Manche Halter von Perserkatzen entscheiden sich in den Sommermonaten für einen sogenannten „Löwenschnitt“, um den Pflegeaufwand zu verringern. Das ist eine persönliche Entscheidung und schadet der Katze nicht, auch wenn es das typische Erscheinungsbild der Rasse vorübergehend nimmt. Besprechen Sie die Möglichkeiten mit einem Groomer, der Erfahrung mit Perserkatzen hat.
Ihre Perserkatze baden
Perserkatzen profitieren von einem Bad alle vier bis sechs Wochen, um Fett zu entfernen und die Fellqualität zu erhalten. Ein fettiges Fell verfilzt leichter und kann einen unangenehmen Geruch entwickeln. Verwenden Sie ein mildes, speziell für Katzen entwickeltes Shampoo – idealerweise eines für langhaarige oder weiße Katzen – und anschließend einen leichten Conditioner, um das spätere Kämmen zu erleichtern.
Trocknen Sie das Fell nach dem Baden immer vollständig. Ein feuchtes Perserfell beginnt beim Trocknen zu verfilzen, wenn es währenddessen nicht fortlaufend durchgekämmt wird. Verwenden Sie einen Tierhaartrockner auf niedriger, warmer Stufe und kämmen Sie das Fell dabei kontinuierlich durch.

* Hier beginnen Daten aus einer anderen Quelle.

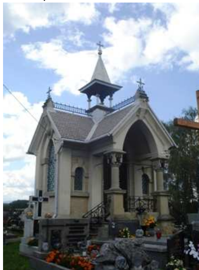
Fot. 4. Kaplica cmentarna w Rabie Wyżnej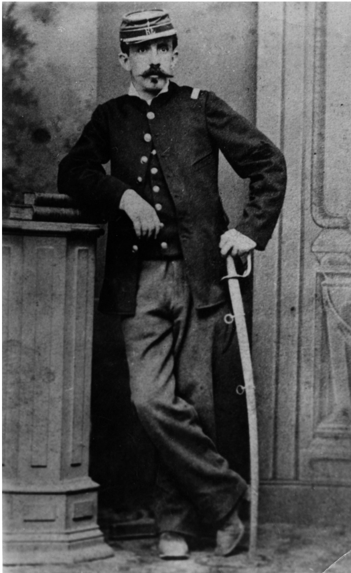
El héroe y nieto de José Miguel Carrera, Ignacio Carrera Pinto, fue voluntario de la Segunda Compañía de Bomberos Esmeralda.

Art. 3 Las Compañías se distinguirán por su orden numéricos; i cada una de ellas constará de un Capitán, dos T, dos Subtenientes, dos Sargentos de 1a Clase, seis id. de 2a, seis Cabos 1, seis id. 2, i la tropa que pudiese alistarse, no excediendo de 100 plazas.

Polyzystische Nierenerkrankung (PKD) und Gentests
Die polyzystische Nierenerkrankung ist eine Erbkrankheit, die bei Perserkatzen und nah verwandten Rassen leider häufig vorkommt. Bei PKD bilden sich Zysten an den Nieren, wodurch die Nierenfunktion allmählich abnimmt. Verursacht wird die Erkrankung durch eine einzelne autosomal-dominante Genmutation, das heißt, eine Katze benötigt nur eine Kopie des fehlerhaften Gens, um betroffen zu sein.

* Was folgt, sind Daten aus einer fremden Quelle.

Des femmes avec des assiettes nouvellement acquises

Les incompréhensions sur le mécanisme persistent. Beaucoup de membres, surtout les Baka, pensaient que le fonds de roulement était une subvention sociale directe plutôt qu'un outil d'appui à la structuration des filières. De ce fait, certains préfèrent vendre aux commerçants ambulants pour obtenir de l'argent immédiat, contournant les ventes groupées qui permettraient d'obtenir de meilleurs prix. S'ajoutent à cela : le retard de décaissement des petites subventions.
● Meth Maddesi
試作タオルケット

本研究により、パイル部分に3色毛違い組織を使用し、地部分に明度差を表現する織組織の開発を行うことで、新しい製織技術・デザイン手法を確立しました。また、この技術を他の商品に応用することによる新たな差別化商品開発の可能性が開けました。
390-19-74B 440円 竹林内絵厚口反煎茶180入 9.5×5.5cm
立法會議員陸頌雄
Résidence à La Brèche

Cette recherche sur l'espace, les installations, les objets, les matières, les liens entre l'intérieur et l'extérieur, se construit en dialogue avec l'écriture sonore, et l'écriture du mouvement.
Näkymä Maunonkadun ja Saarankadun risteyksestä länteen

Verantwortungsvolle Züchter lassen heute alle Zuchtkatzen per DNA-Test auf PKD untersuchen und züchten ausschließlich mit PKD-negativen Tieren. Verlangen Sie beim Kauf einer Perserkatze immer einen Nachweis darüber, dass beide Elterntiere PKD-negativ getestet wurden. Eine PKD-positive Katze kann mit geeignetem Management und regelmäßiger Kontrolle der Nierenfunktion dennoch ein gutes Leben führen, doch die Halter sollten sich der Erkrankung und ihrer langfristigen Folgen bewusst sein.
Jährliche tierärztliche Untersuchungen bei Perserkatzen sollten eine Blutdruckmessung, Blut- und Urinuntersuchungen zur Kontrolle der Nierenfunktion sowie eine Beurteilung der Zähne umfassen. Mit aufmerksamer täglicher Pflege und regelmäßiger tierärztlicher Betreuung können Perserkatzen glücklich bis in ihre Mitte-Teenagerjahre leben.